The early Internet architecture used names as a convenient alias for an IP address. Each host used a local list of name and address pairs, and an application would look up the name in this file and use the associated address to use in the subsequent packet exchange. In many ways this file was a direct analogy to the telephone directory in a telephone network.
This simple framework has one major drawback, namely scalability. As the number of connected hosts on the network increased, the burden of distributing updated copies of this file increased, and the task of maintaining loose coherence across all these local copies of the name file became more challenging. The document IEN 61, describing an Internet Name Server, was released in 1978, and it appears to be a very basic predecessor of today’s DNS. Some five years later, in 1983, RFC 882 defined a hierarchical namespace using a tree-structure name hierarchy. It also defined a name server as a service that holds information about a part of the name hierarchy and also referrals to other name servers that hold information about lower parts of the name hierarchy. The document also defined a resolver that is able to resolve names into their stored attributes by following referrals to find the appropriate name server to query and then obtain this information from the server. RFC 883 defined the DNS query and response protocol as a simple stateless protocol.
And that’s about it.
Most of what is in today’s DNS was defined in these early specifications, and what we’ve been doing over the intervening forty years been filling in the details. The DNS not really changed in any substantive manner over the intervening period.
However, I think that such a perspective ignores a large body of refinement in the DNS world that has occurred.
The DNS is by no means perfect. The DNS can be extremely slow to resolve a name, and even slower to incorporate changes into the distributed data framework. The resolution of DNS queries pays scant regard to concerns about user privacy, and any party who can observe a user’s DNS query stream can readily piece together an accurate picture of the user’s activities. The distributed stateless method used to resolve names is prone to various efforts to eavesdrop on DNS transactions and manipulate the information being provided in DNS responses. The DNS cannot easily protect itself from disruptive attacks and has been regularly used in highly effective denial-of-service attacks. It’s also insecure in that a client cannot verify the authenticity and currency of a response.
The operation of the DNS in resolving a name can be extremely opaque. The use of parallel servers and resolvers to improve the resilience of the DNS creates a combinatorial explosion in the number of paths that can be used to navigate through the distributed data structure. It is not possible to tell in advance which servers may be used in the resolution of a query, or the number of additional queries a single original query may trigger. Given that resolvers are able to respond directly to a query from a locally cached response, it is not possible to tell in advance where the response came from or if the response is authentic.
For a common and fundamental service that every user not only uses, but implicitly relies upon, the DNS in practice is far from a paragon of sound operational engineering.
The evolutionary efforts have been intended to remedy some of these shortcomings, intending to improve the speed of DNS resolution, improving aspects of privacy of DNS transactions, increasing the level of trust in DNS responses, and resisting efforts to subvert the integrity of DNS name resolution transactions.
The DNS is not what you might call a discrete protocol.
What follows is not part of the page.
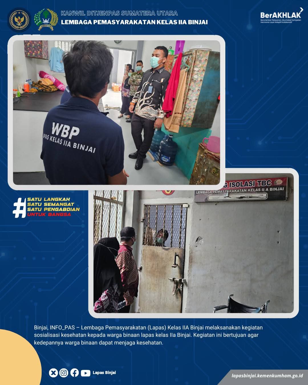 TIMELINES INEWS INVESTIGASI, Binjai Dalam rangka meningkatkan derajat kesehatan sekaligus menjaga stabilitas keamanan dan ketertiban di lingkungan pemasyarakatan, Lembaga Pemasyarakatan (Lapas) Kelas IIA Binjai melaksanakan kegiatan sosialisasi kesehatan dan kontrol blok hunian kepada warga binaan.

By default, queries are made clear. The IP address of the querier, the server being queried, and the name being queried is visible to any party that is in a position to inspect DNS traffic. This not only includes potential eavesdroppers in the network but also the operating system platform that hosts the application making the DNS query, the recursive resolver that receives the query, and any forwarding agent used by the recursive resolver. Depending on the state of the local cache in the recursive resolver, the recursive resolver may need to perform some level of top-down navigation through the name server hierarchy, asking an authoritative server at each level for the full original query name. The recursive resolver will normally list itself as the source of these queries, so the identity of the original user is occluded, but the query name is still visible.
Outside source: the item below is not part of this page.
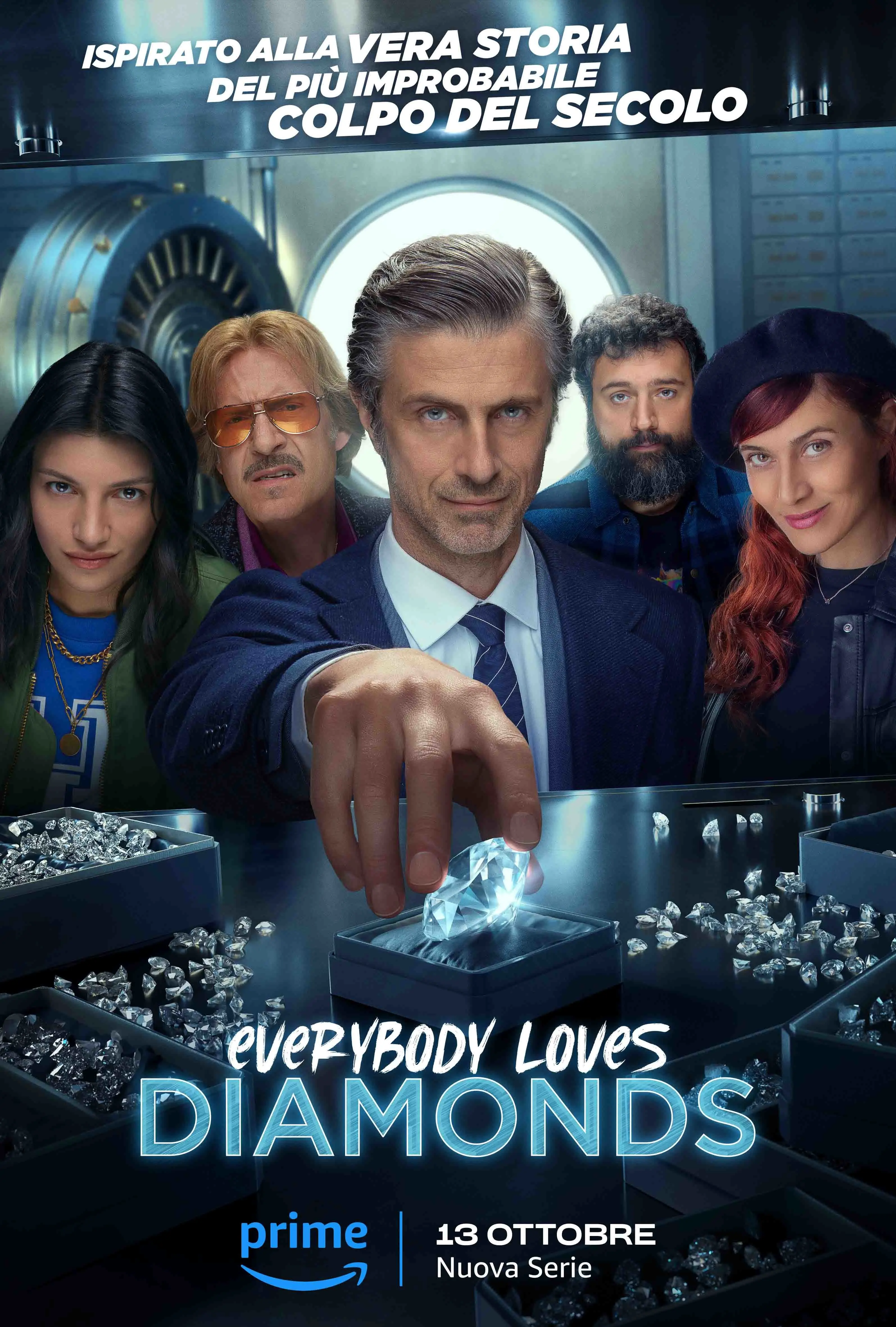 Directed by Gianluca Maria Tavarelli, Everybody Loves Diamonds is an 8-episode heist series with comedy twists inspired by the true story of the 2003 "Antwerp coup", defined by the international media as "the largest diamond theft in the world".

RFC 7858 provides a specification for DNS over a Transport Layer Security (TLS) session (DOT). This allows the client and server to set up a shared session key in a secure manner which is then used to encrypt all subsequent transactions between the two parties. TLS can also be used to authenticate the server name to assure the client that it is connecting to an instance of the named server. There is some overhead to setting up a TLS session, and the most efficient use of this approach is in the stub-to-recursive DNS environment where a single TLS session can be kept open and reused for subsequent queries, amortizing the initial setup overheads across these queries. The standard specification of DOT defines the use of TCP port 853, which allows an onlooker to identify that DOT is being used and identify the two end parties by their IP addresses but not the DNS queries and responses.
Subsequent standards work has defined DNS over QUIC, RFC 9250 (DoQ). The encryption provided by QUIC has similar properties to those provided by TLS, while QUIC transport eliminates the head-of-line blocking issues inherent with TCP and provides more efficient packet-loss recovery than UDP.
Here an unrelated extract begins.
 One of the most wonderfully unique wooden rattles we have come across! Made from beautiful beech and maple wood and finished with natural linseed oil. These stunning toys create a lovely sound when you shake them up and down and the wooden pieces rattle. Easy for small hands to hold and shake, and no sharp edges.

In addition, it is possible to add an HTTP wrapper to the DNS data object, defining DNS over HTTPS RFC 8484) (DoH). DoH uses port 443, using either TCP in the case of HTTP/2 or UDP with the QUIC-based HTTP/3, so the DNS transactions would be largely indistinguishable from Web traffic. HTTP adds its own ability to perform object caching, redirection, proxying, authentication, and compression beyond that provided in the conventional DNS model, although the use of such HTTP capabilities in the DNS context is not well understood. HTTP also allows a server to push content to a client. In the DoH scenario, this could permit the use of queryless DNS, where the server pushes DNS responses to a client without triggering any initial DNS query.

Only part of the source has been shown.